‘C’ Branded World’s Most Pathetic Vitamin

VITAMIN C has been relegated from the premier league of nutritional compounds after another scathing attack on its performance.

Oranges: pointless, irrelevant, offensive

New research shows that the vitamin, found in citrus fruit, crisps and Bailey's Irish Cream, offers no protection against common ailments such as colds, sniffles, flu, chestiness and demonic possession.

It's the latest blow for the traditional alphabetic vitamins which have toyed with the affections of mankind for over a century.

Last year vitamin B was struck off the vitamin register after attempting to bribe scientists at Cambrige University and vitamin A has seen its market position weaken after it was bought by a private equity firm.

Meanwhile an increasing number of consumers are turning to a new generation of compounds and supplements developed by the the world's biggest brands including Vitamin Coke, Vitamin Beyonce and Vitamin Playstation 3.

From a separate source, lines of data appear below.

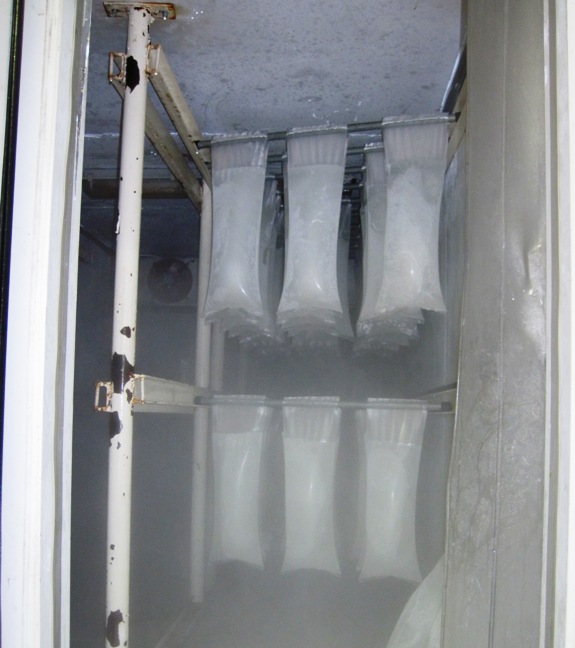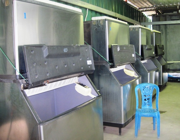 The ice making machines lined up neatly in the factory, work 24 hours a day to keep up with demand...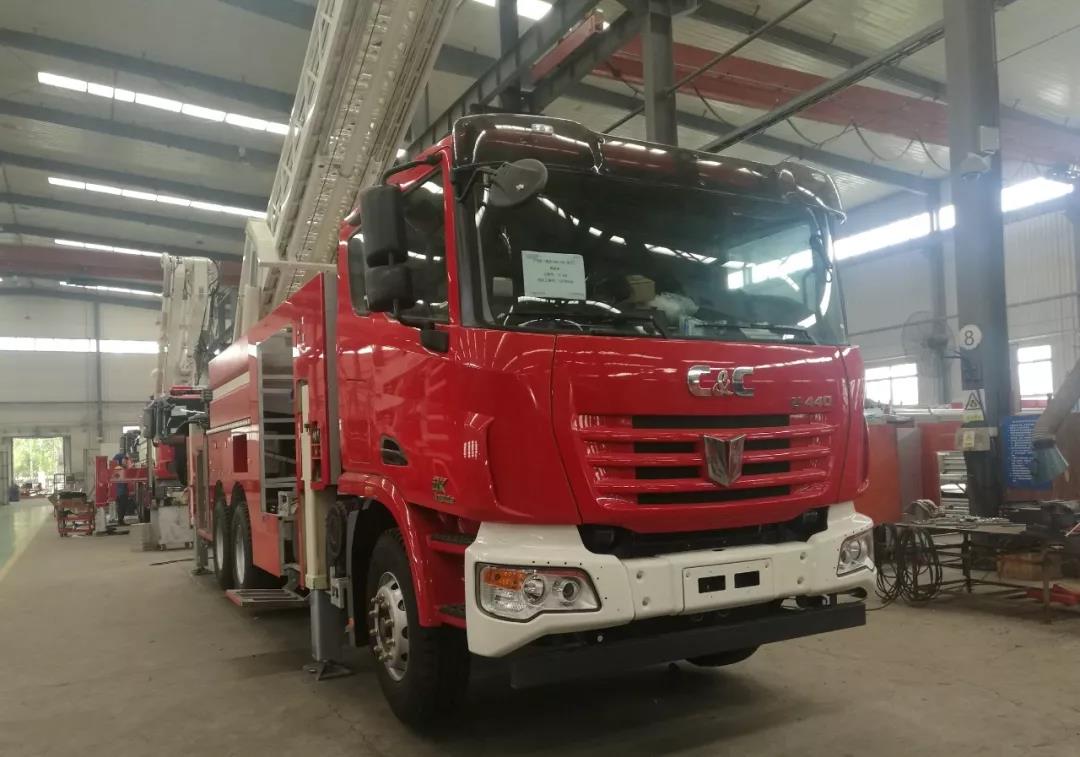 2019年8月31日,中集联合卡车与沈阳捷通协同开发的举高类消防车产品系列首台样车“32米多功能云梯消防车”正式下线。这款云梯消防车从产品立项到底盘研发,再到生产、整车下线,前后不到半年的时间,充分展现了“中集速度”。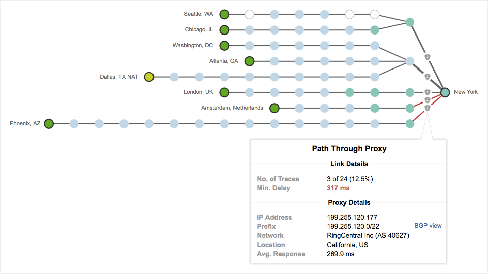 - Coverage of on-premises UC and UCaaS deployments. ThousandEyes visibility doesn’t end at your corporate network borders like most other solutions. Instead, network path visualization and root cause identification extend across the Internet to your UCaaS provider, including BGP routing analysis. Your insight can even leverage collective intelligence.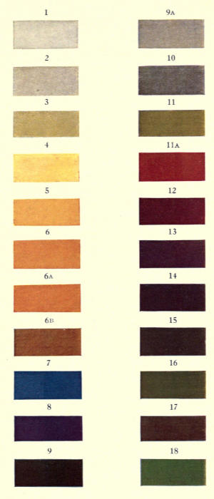 The most satisfactory tying silk is Pearsall’s “Gossamer,” which is standardized in shades. A shade card is illustrated and the numbers appearing after the various silks mentioned in the text correspond with the numbers above the various shades illustrated.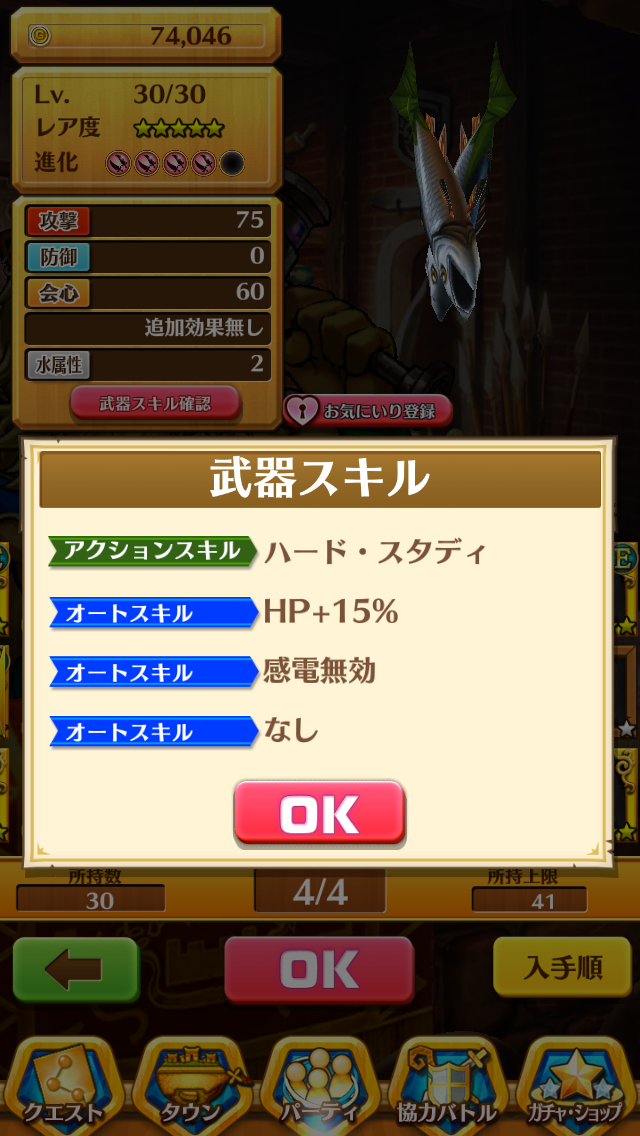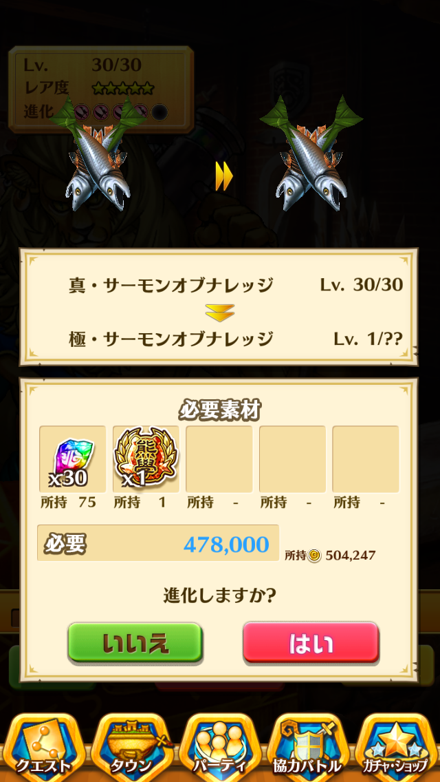 「サーモンオブナレッジ」の最終進化はこんな感じ。全体的に強くなっていて、さらにSP4%も追加されます。確実に入手しておきましょう。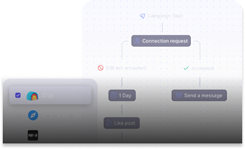 Automate actions such as connection requests, messages, and profile views. Use “If Connected” logic to segment current connections from new ones, making your outreach precise.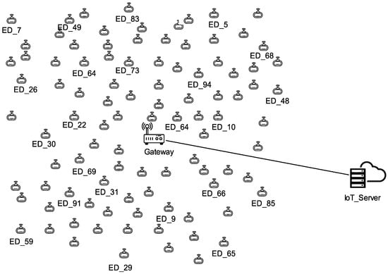 The network is partitioned into K regions wherein K represents the number of available spreading factors. The simulations are conducted using an ns-3 simulator [49] using a LoRaWAN module developed by [50]. The simulation is carried out with a fixed number of EDs and it is assumed that their number does not change during the simulation. Figure 2 shows a NetAnim output of the LoRaWAN network scenario implementing 100 EDs. The simulation settings are presented in Table 3. A four-state energy consumption model is assumed, comprising the transmit, idle, receive, and sleep states. Table 4 shows how the energy model links the voltage and current usage to each state. To compute network energy usage, we track each node’s energy usage during simulation. Semtech produced these parameters for the SX1272 LoRa transceiver used in this work for transmit power 10 dBm [51]. These parameters are employed in conjunction with Table 1. The model estimates ED battery life and energy consumption. Total energy consumption for each ED is given by: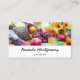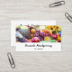 Business cards with a photograph of a table filled with natures bounty. Set with cornucopia, colourful harvest vegetables and fruits.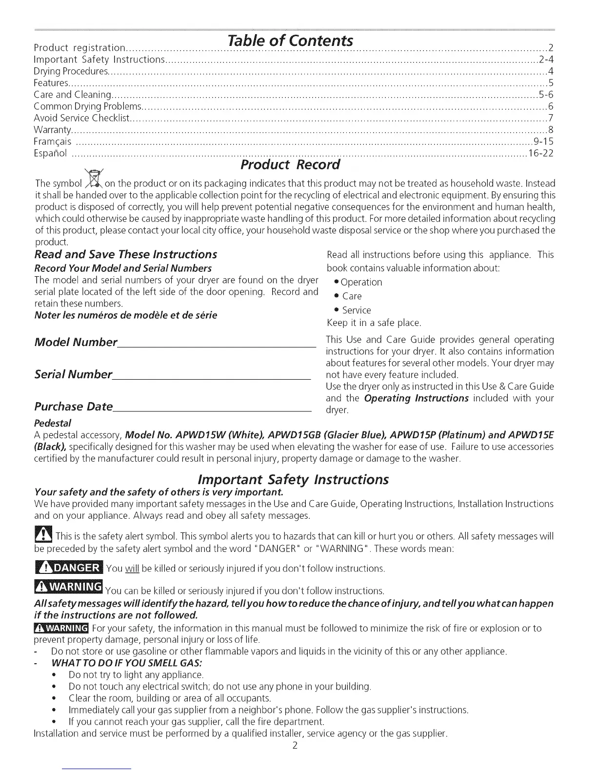 We have provided many important safety messages in the Use and Care Guide, Operating Instructions, Installation Instructions
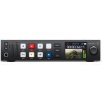 About The Blackmagic Hyperdeck Studio HD PlusHyperDeck Studio HD Plus HyperDeck Studio HD Plus includes all the features of the Mini model, but is larger so it has more space for extra controls and extra connections. This model adds 6G-SDI so it can record and playback ProRes up to Ultra HD 30fps, and it includes an SDI loop out and HDR support. Plus the two 6G-SDI outputs allow fill and key playback up to 1080p60. There is also an HDMI input and a dedicated 3G-SDI monitoring output with overlays. Any button pushed on the front panel is sent to a dedicated RS-422 remote output and the DC power is now a broadcast style XLR connector. The front panel is also upgraded with better transport control buttons, a headphone socket and built in speaker. Front Speaker Press the button to monitor audio via speaker. Media Status Animated indicators show record or playback. Transport Broadcast style deck control buttons. LCD Display Shows video, transport, audio meters and menu. Headphones 1/4″ audio jack to connect headphones. SD Card Slots Supports SD cards and the faster UHS-II cards. Menu Buttons Change settings by scrolling menus with the search dial. Search Dial Compact search dial for shuttle, jog and scroll. AC Power Inputs Built in 100-240V AC power supply. Remote In/Out RS-422 deck control, loops to multiple decks. USB-C Record to external disks or disk arrays. Reference In/Out Built in sync generator for syncing decks. 6G-SDI Video Supports SD and HD to 1080p60 and ProRes to 2160p30. DC Power Input Broadcast style 4 pin 12V power connection. 1G Ethernet Allows remote deck control and file transfer. Timecode In/Out Timecode connections from internal generator. HDMI In and Out Record and play to cameras, projectors and TVs.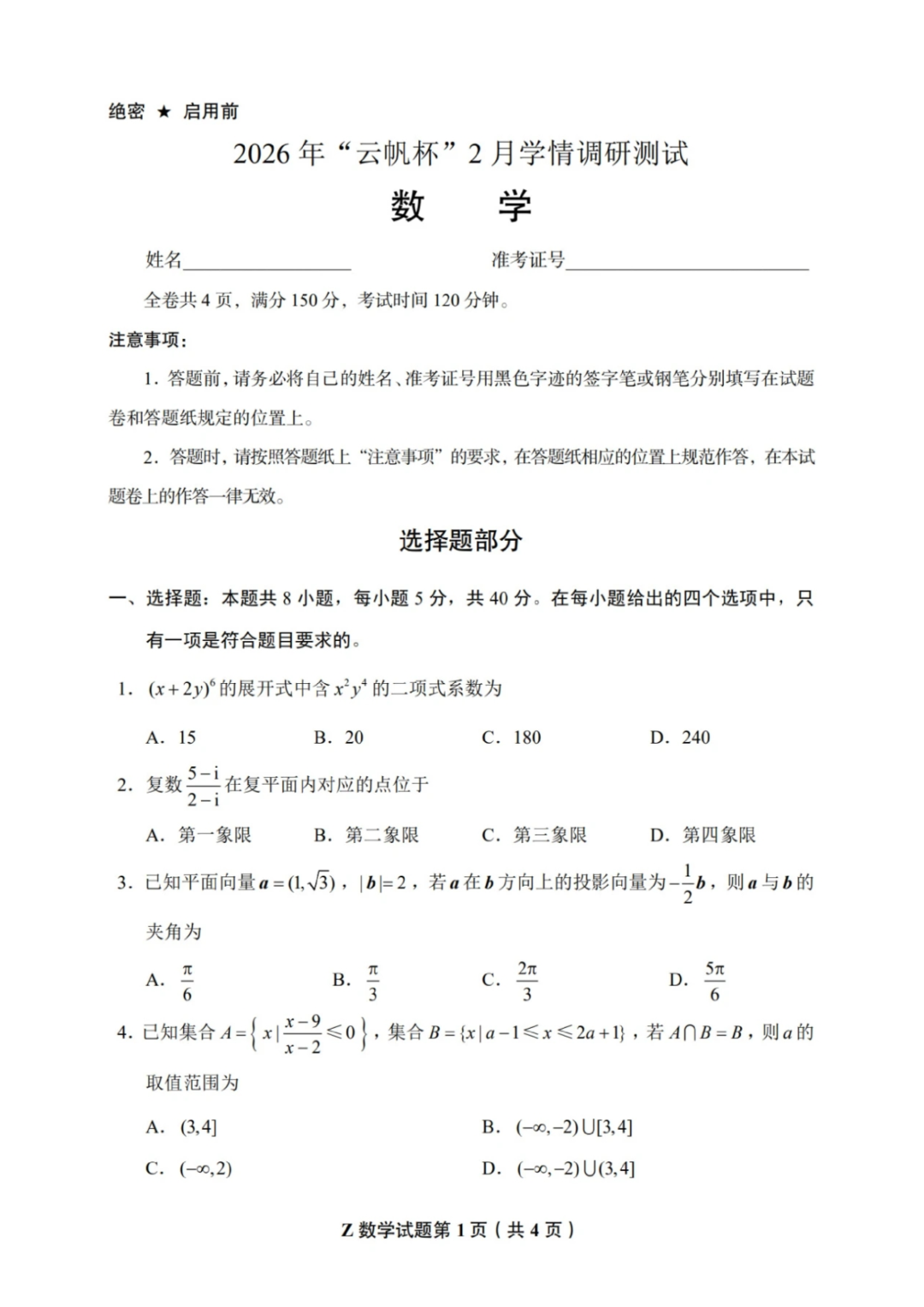 【线上联考】【弈数凌云杯赛】2026 年第一届“弈数·凌云杯”线上联合考试(2月22日15点-17点) 数学试题卷+答题卡+答案 【线上联考】【弈数凌云杯赛】2026 年第一届“弈数·凌云杯”线上联合考试(2月22日15点-17点) ...

Nutrionist Dr Wayne Hayes said: "The latest research proves that Vitamin C is basically useless. You may as well eat coins.

"I'm still a big fan of Vitamins E and K. I'm managing to hold on to most of my hair and the 'old chap' can still do the business at least twice a week."

He added: "I'm not saying you shouldn't eat vitamin C. I'm just saying that if you do, you'll probably die."